-- Given data follows --

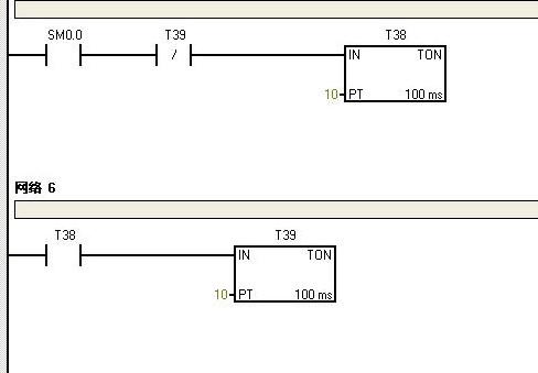 这次增加了网络4/5/6,网络5和6就是利用2个计时器产生一个一秒脉冲的小程序,SM0.0为特殊位,其功能为一直得电。网络4就是利用M0.1将网络1/2/3锁死,也就是说M0.1得电网络1.2.3是不起作用的。其原理与上一小结的M0.0一样。
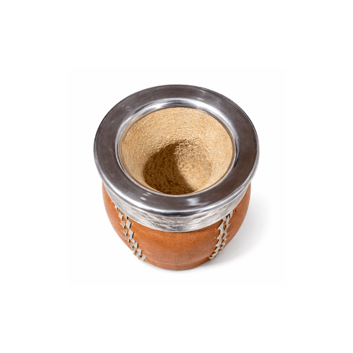 La calabaza, material tradicional por excelencia, aporta una experiencia de sabor única y mejora con el uso. Su forrado en cuero vacuno color suela brinda mayor resistencia, mejor agarre y una estética rústica y elegante. Las costuras artesanales realzan el diseño y destacan el trabajo manual en cada pieza.
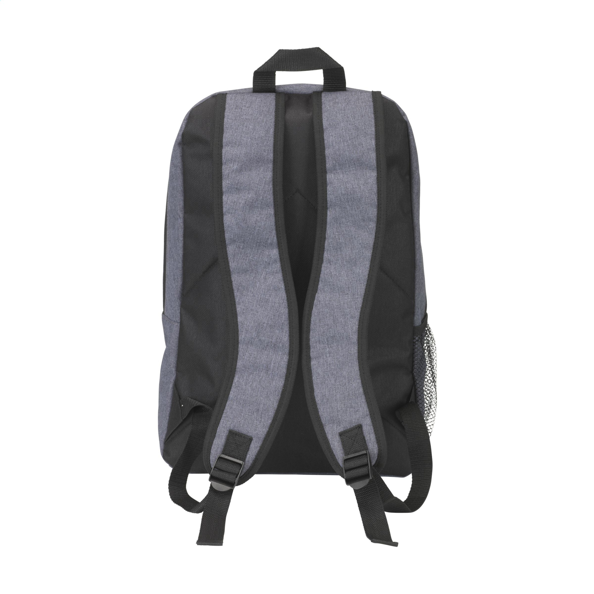 Backpack made from 600D/300D polyester. With royal main storage, front pocket with zipper, mesh pocket, adjustable, padded mesh shoulder straps, padded backside and hanging loop.
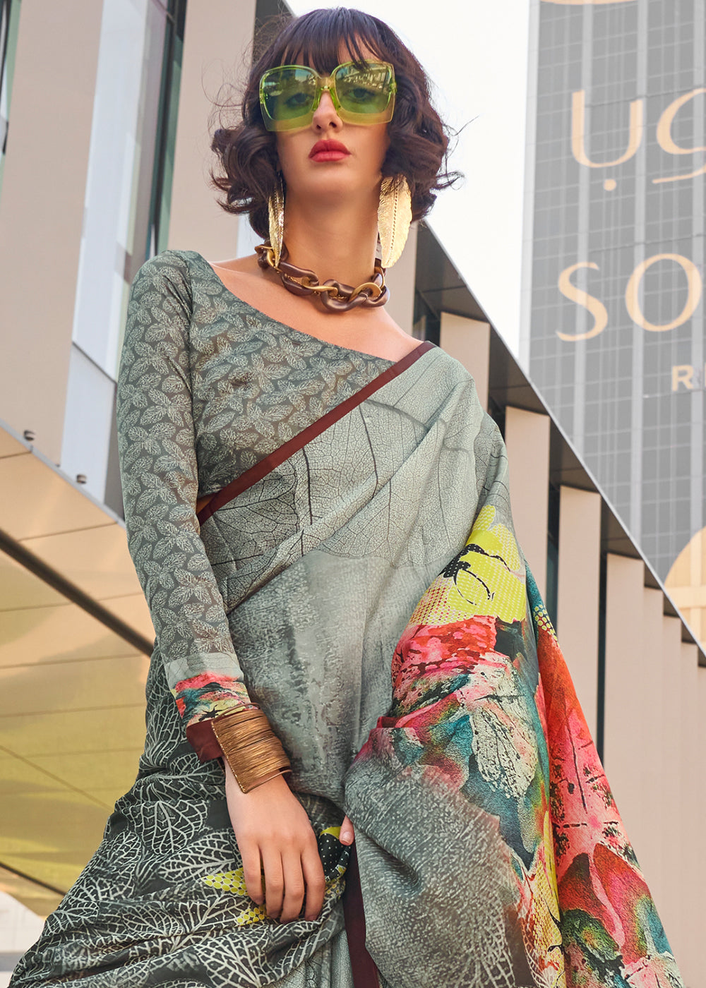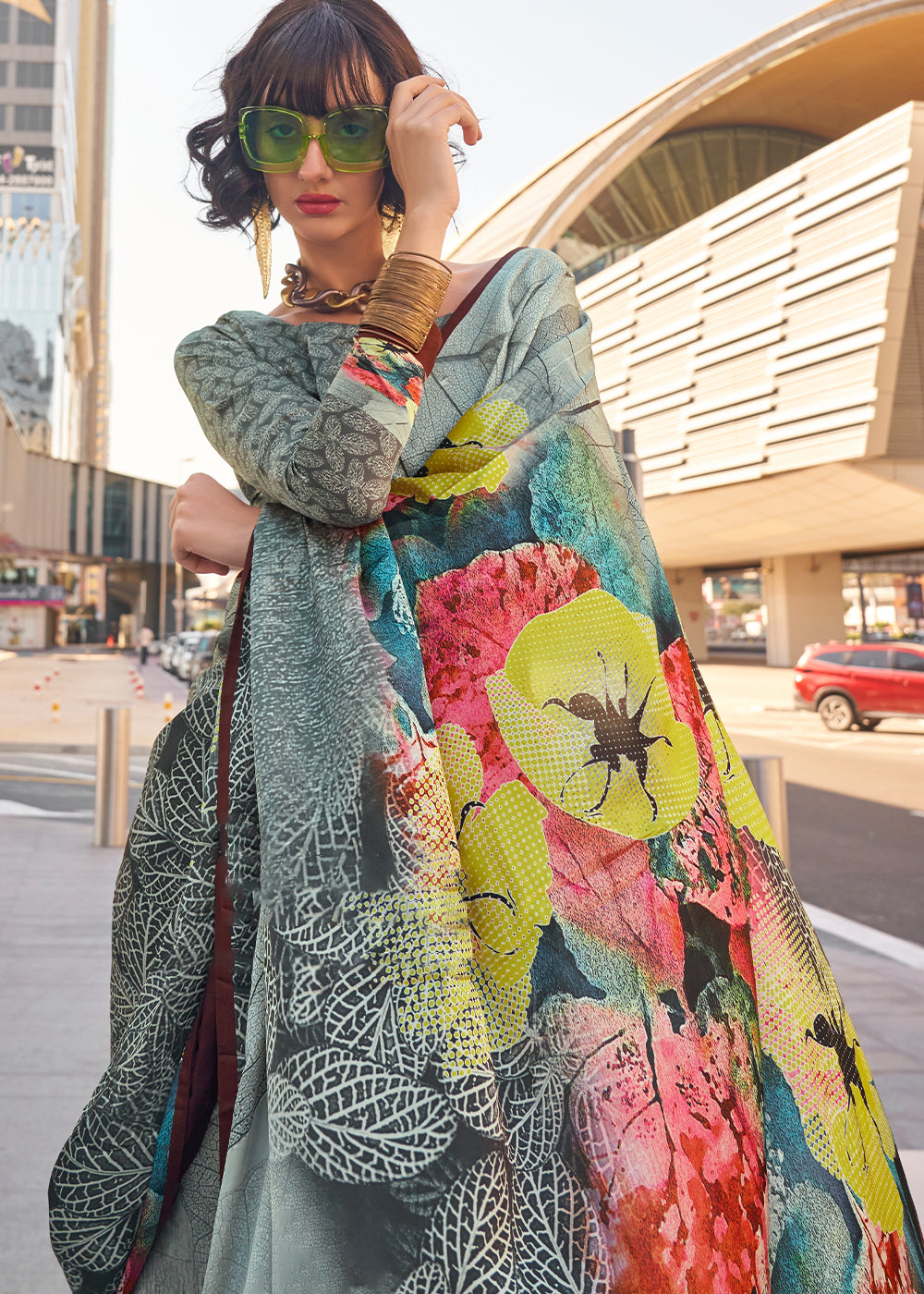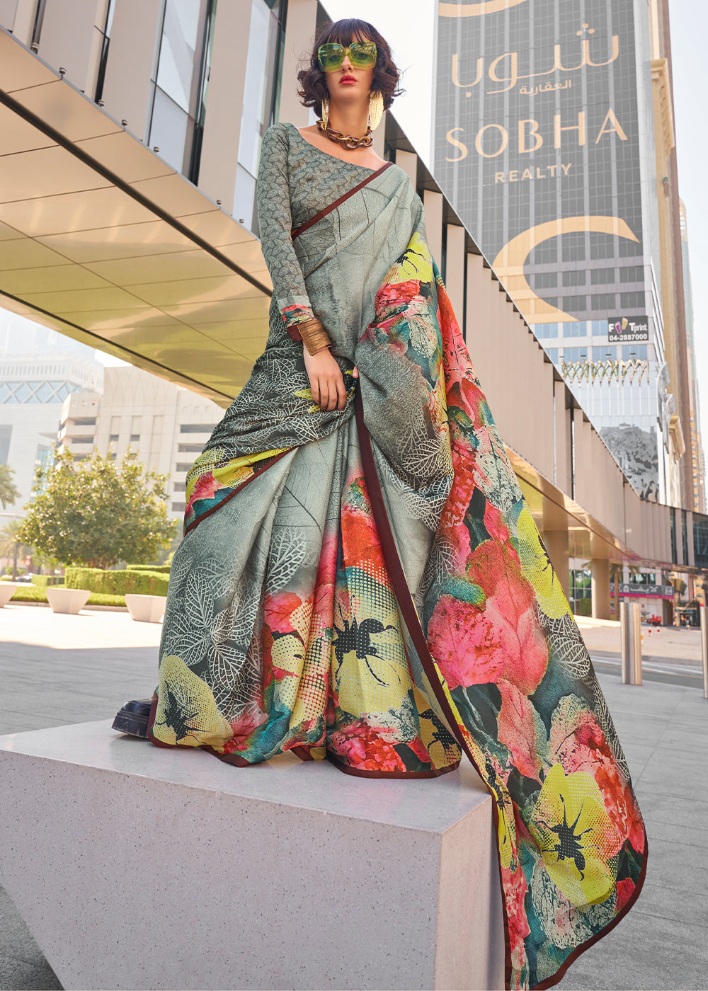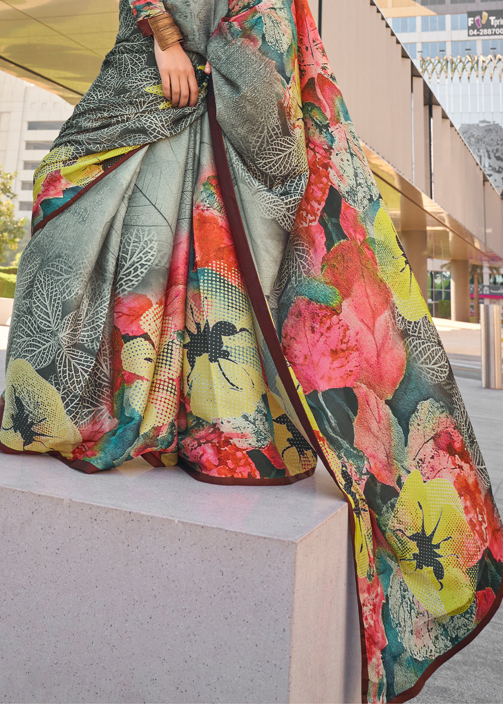 Light Grey Digital Printed Satin Crepe Designer Saree
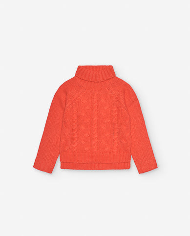 Saco tejido en color naranja. Acanalados en mangas para mejor ajuste. Diseño único, con cuello alto para mayor protección en temperaturas bajas.
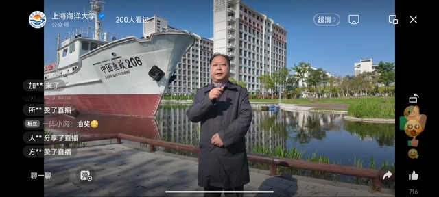 上海海洋大学党委常委、海洋生物资源与管理学院党委书记郑卫东,奉贤区金汇镇党群工作办公室四级主任科员闵晓燕,以及中水集团远洋股份有限公司、深圳联成远洋渔业有限公司、杨浦区缘聚青年社工师事务所等企业代表,学院教师代表、学生代表参加直播。
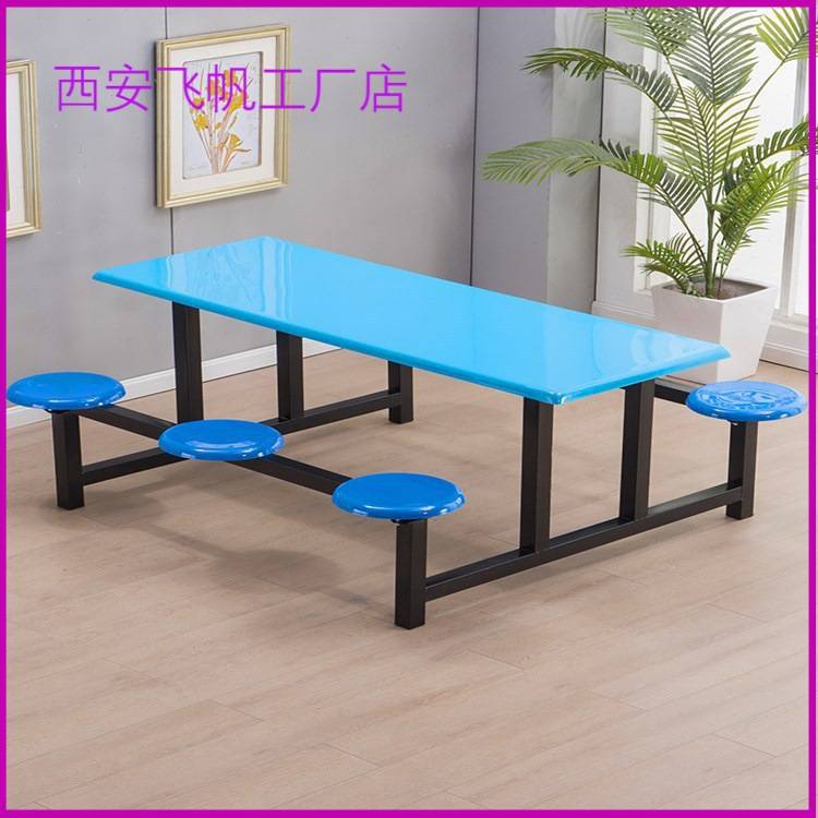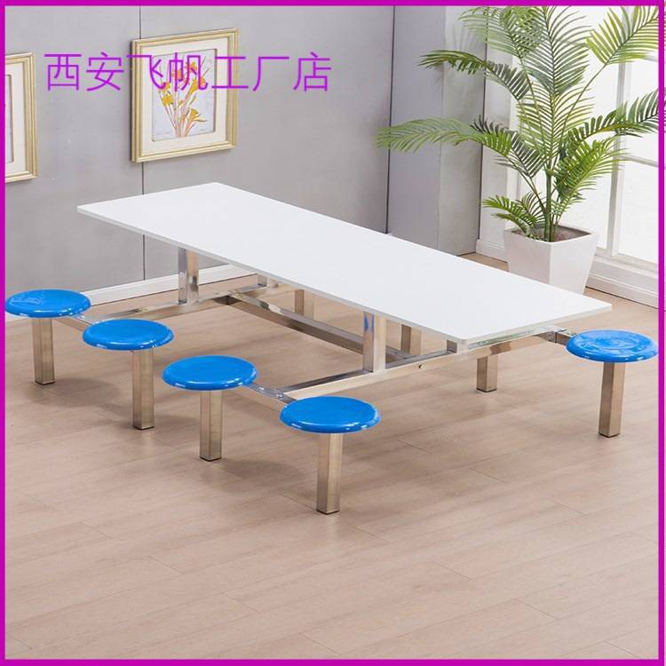 西安食堂餐桌椅4人8人位钢制学校学生组合员工餐桌厂家不锈钢
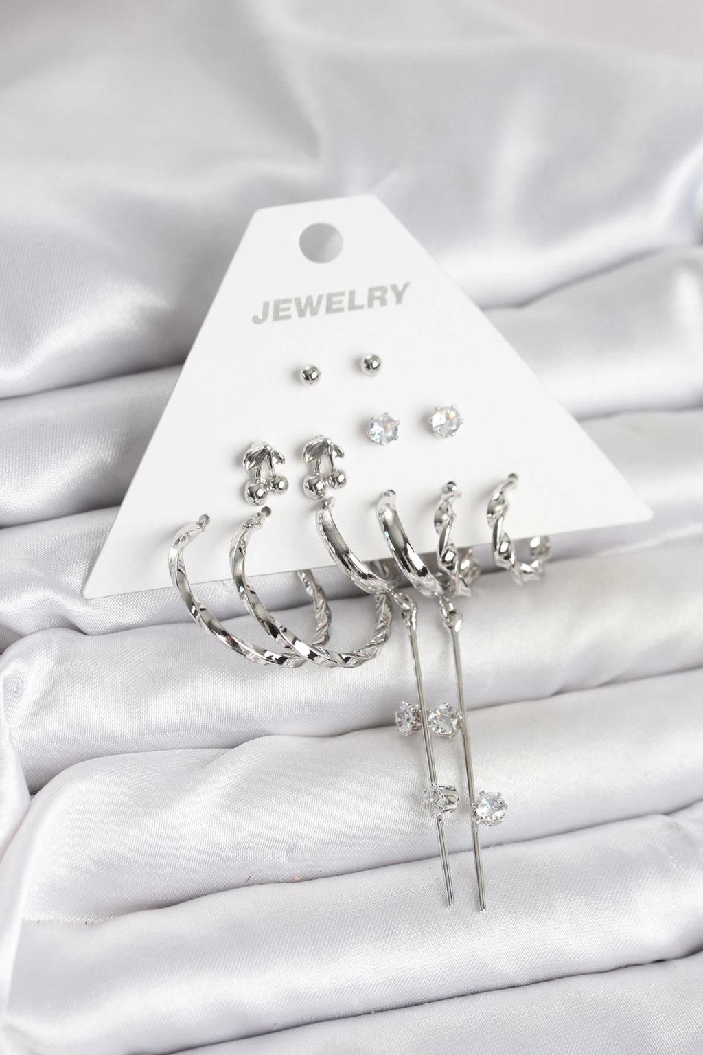BFS Gümüş Renk Pirinç 6'lı Kadın Küpe Seti
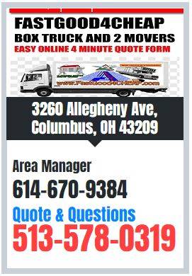 The pricing in the ad is for Columbus Ohio local moves (for small and average moves at least one of the addresses will need to be within 30 miles of Columbus) ***for large moves, both addresses have to be in the Columbus area.

-- Given data concluded --

What you will do:
Exact copies of all the entries, without any pictures, are what the answer must contain.

Solved problem:
 这次增加了网络4/5/6,网络5和6就是利用2个计时器产生一个一秒脉冲的小程序,SM0.0为特殊位,其功能为一直得电。网络4就是利用M0.1将网络1/2/3锁死,也就是说M0.1得电网络1.2.3是不起作用的。其原理与上一小结的M0.0一样。
 La calabaza, material tradicional por excelencia, aporta una experiencia de sabor única y mejora con el uso. Su forrado en cuero vacuno color suela brinda mayor resistencia, mejor agarre y una estética rústica y elegante. Las costuras artesanales realzan el diseño y destacan el trabajo manual en cada pieza.
 Backpack made from 600D/300D polyester. With royal main storage, front pocket with zipper, mesh pocket, adjustable, padded mesh shoulder straps, padded backside and hanging loop.
 Light Grey Digital Printed Satin Crepe Designer Saree
 Saco tejido en color naranja. Acanalados en mangas para mejor ajuste. Diseño único, con cuello alto para mayor protección en temperaturas bajas.
 上海海洋大学党委常委、海洋生物资源与管理学院党委书记郑卫东,奉贤区金汇镇党群工作办公室四级主任科员闵晓燕,以及中水集团远洋股份有限公司、深圳联成远洋渔业有限公司、杨浦区缘聚青年社工师事务所等企业代表,学院教师代表、学生代表参加直播。
 西安食堂餐桌椅4人8人位钢制学校学生组合员工餐桌厂家不锈钢
BFS Gümüş Renk Pirinç 6'lı Kadın Küpe Seti
 The pricing in the ad is for Columbus Ohio local moves (for small and average moves at least one of the addresses will need to be within 30 miles of Columbus) ***for large moves, both addresses have to be in the Columbus area.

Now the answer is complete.